Luckily, this is trivial to address: Rails has a mechanism called attr_accessible, which makes only the listed model attributes available for mass assignment. Allowing only safe attributes to be mass-assigned (for example, data you would expect the end users to be allowed to update, such as their names rather than their keys) prevents this class of attack. In addition, attr_accessible documents programmers' assumptions about security explicitly in their application code: as a whitelist, it is a known point of weakness in the model class, and it will be examined thoroughly by any security review process.

This is extraordinarily desirable, so it's a good idea for developers to make using attr_accessible compulsory. This is easy to do: simply call ActiveRecord::Base.attr_accessible(nil) in an initializer, and all Rails models will automatically have mass assignment disabled until they have it explicitly enabled by attr_accessible. Note that this may break the functionality of common Rails gems and plugins, because they sometimes rely on the default. This is one way in which security is a problem of the community.

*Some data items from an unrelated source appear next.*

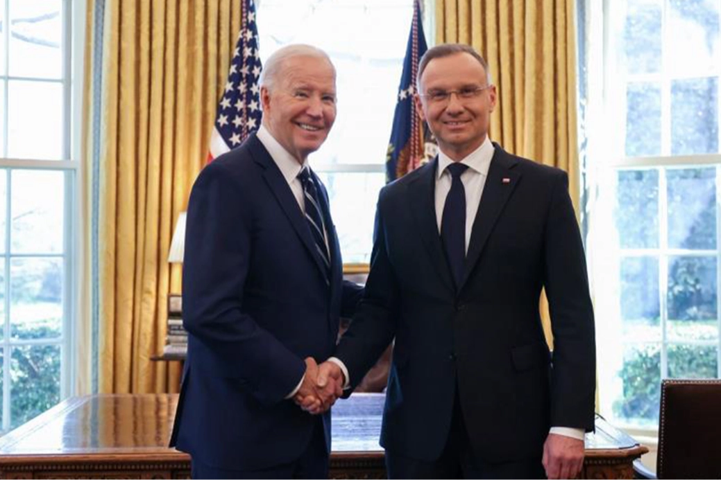 ABD Başkanı Joe Biden'ın daveti üzerine Washington'a gelen Polonya Cumhurbaşkanı Andrzej Duda ve Polonya Başbakanı Donald Tusk Beyaz Saray'da Biden ile buluştu. Polonya'nın NATO'ya üye oluşunun 25. yıl dönümüne denk gelen görüşme öncesi liderler basına açıklamalarda bulundu. ABD'nin Polonya'ya bağlılığının kati olduğunu, müttefiklerden herhangi birine saldırının tüm müttefiklere yapılmış olacağını belirten ABD Başkanı Joe Biden, Rusya'nın Ukrayna saldırısıyla yetinmeyeceğini Polonyalıların da bildiğini söyledi. Biden, "Biz hepimiz aynı düşünmek zorundayız, bugün burada yapacağımız konuşmaları sabırsızlıkla bekliyorum" şeklinde konuştu.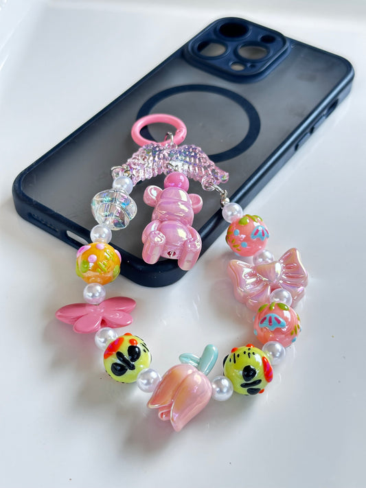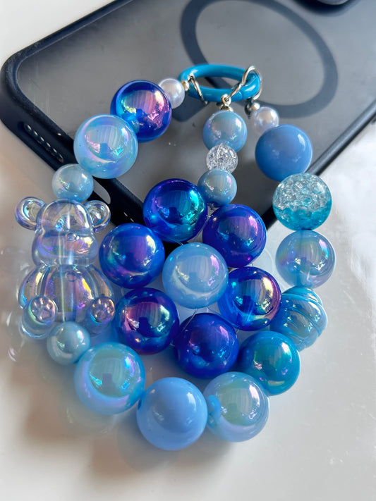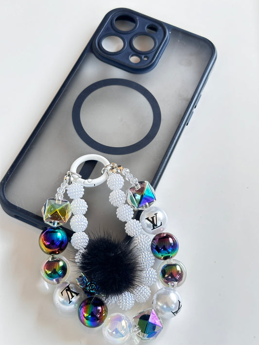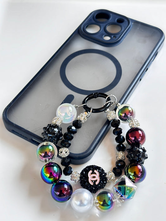 Black Onyx and Blue Lapis Lazuli Stone Bracelet with Crown Charm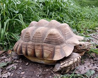 Tortue sillonnée (sulcata) mâle de 30 cm, pucé et enregistré à l'ifap. Vous devez impérativement faire une déclaration de détention et avoir des installations chauffées y compris l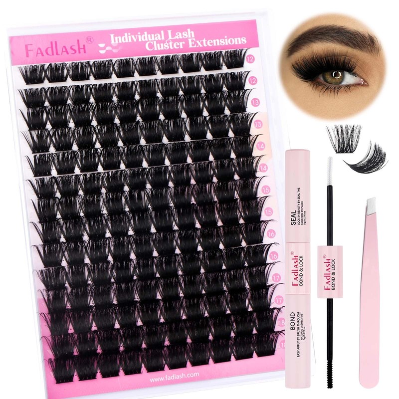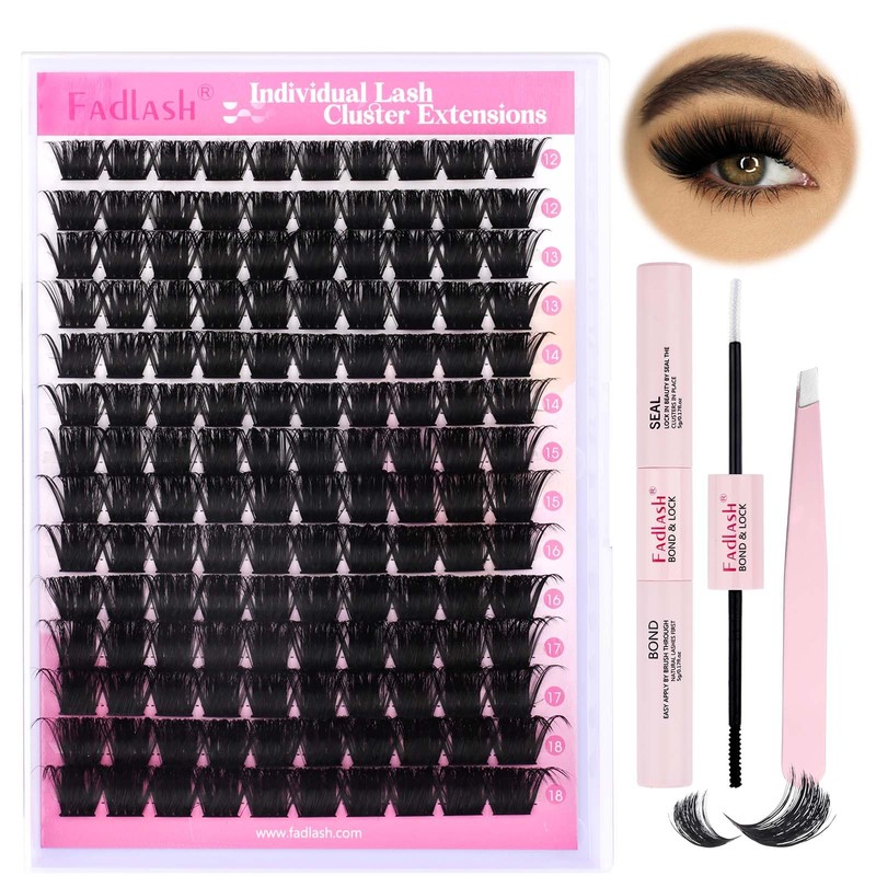 FADLASH Lash Extension 200D DIY Kit Volume Fluffy 0.07D Curl Lash Clusters with Lash Bond and Seal for DIY Eyelash Extension at Home for Self Use(200D, 12-18mm)

An additional mitigation method, if your data store allows it, is to explicitly disallow writing to as much data as is feasible. There is almost certainly no legitimate reason for owner_id to be reassignable. ActiveRecord lets you do this with attr_readonly. MongoMapper does not currently support this feature, which is one danger of using bleeding-edge technologies for production systems.

NoSQL Doesn't Mean No SQL Injection

The new NoSQL databases have a few decades less experience getting exploited than the old relational databases we know and love, which means that countermeasures against well-understood attacks are still immature. For example, the canonical attack against SQL databases is SQL injection: using the user-exposed interface of an application to craft arbitrary SQL code and execute it against the database.

def self.search(query)
    Person.all('$where' => "function() { return this.diaspora_handle.match(/^#{query}/i) ||
    this.profile.first_name.match(/^#{query}/i) ||
    this.profile.last_name.match(/^#{query}/i); }") #Permits code injection to MongoDB.
end

Impact

The previous code snippet allows code injection into MongoDB, effectively allowing an attacker full read access to the database, including to serialized encryption keys. Observe that because of the magic of string interpolation, the attacker can cause the string including the JavaScript to evaluate to virtually anything the attacker desires. For example, the attacker could inject a carefully constructed JavaScript string to cause the first regular expression to terminate without any results, then execute arbitrary code, then comment out the rest of the JavaScript.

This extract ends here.